***** Raw data *****
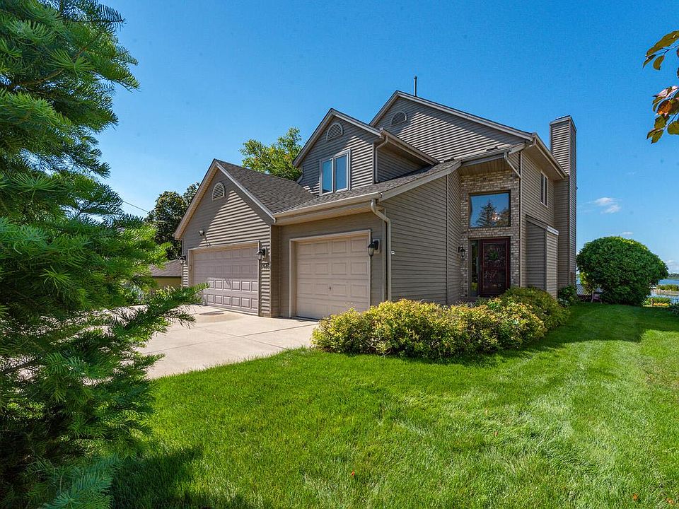 Spectacular home on Wind Lake. Breathtaking Views, Beautiful Sunsets, Boating & Fishing right from your Pier. 2 Story Foyer w/open stair case, Large Great Rm W/Fireplace & oversized windows overlooking the Lake, Chef pleasing Kitchen w/Center Island, Quartz Counters & Bayed Dinette. The 1st floor Den & utility room (used as 5th bedroom) has 1st Floor Bath w/walk in shower that has ele heated tiled floors. MBR has Cathedral Ceilings, Walk in Closet & Patio Doors to Balcony W/views of Lake. Instant hot water for both upper baths & kitchen sinks, 17 windows facing the Lake. Newer furnace & AC. New Wood Decking, 4 person Hot Tub, 10x12 storage Shed. In ground Sprinkler system. 4 season Pier/Private Dock. Entertaining is a pleasure you will enjoy for Generations! House is NOT in a Flood Plan.
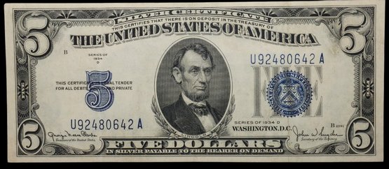 $5 1934-D Silver certificate banknote AU
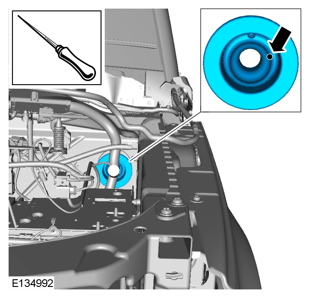 7 Using a suitable tool, make a hole in grommet in the position shown.
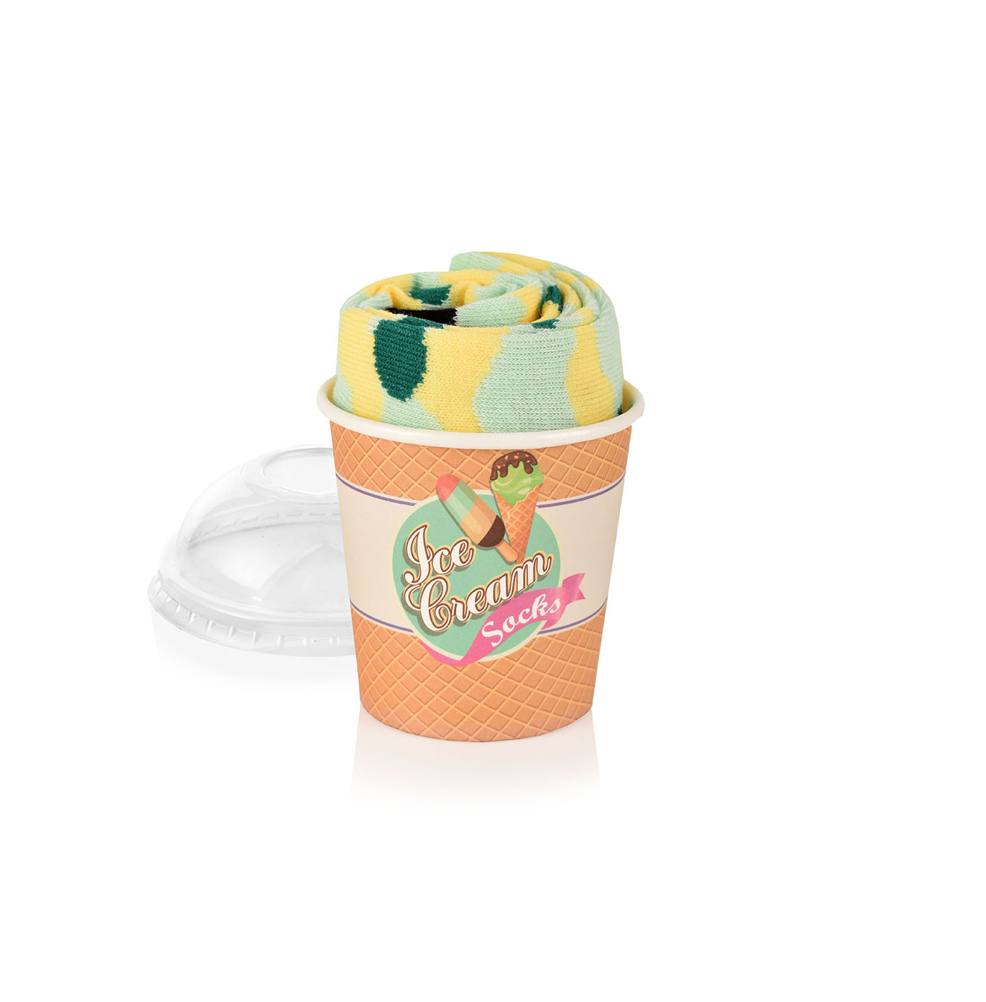 Sorprende a tus amigos con un regalo divertido: unas medias en un pote de helado.
*****
Activity
Each line from the one holding "7 Using a suitable" through the final line of the data needs to be transcribed exactly. Include both ends, skip the pictures, and add nothing.

Exercise response
 7 Using a suitable tool, make a hole in grommet in the position shown.
 Sorprende a tus amigos con un regalo divertido: unas medias en un pote de helado.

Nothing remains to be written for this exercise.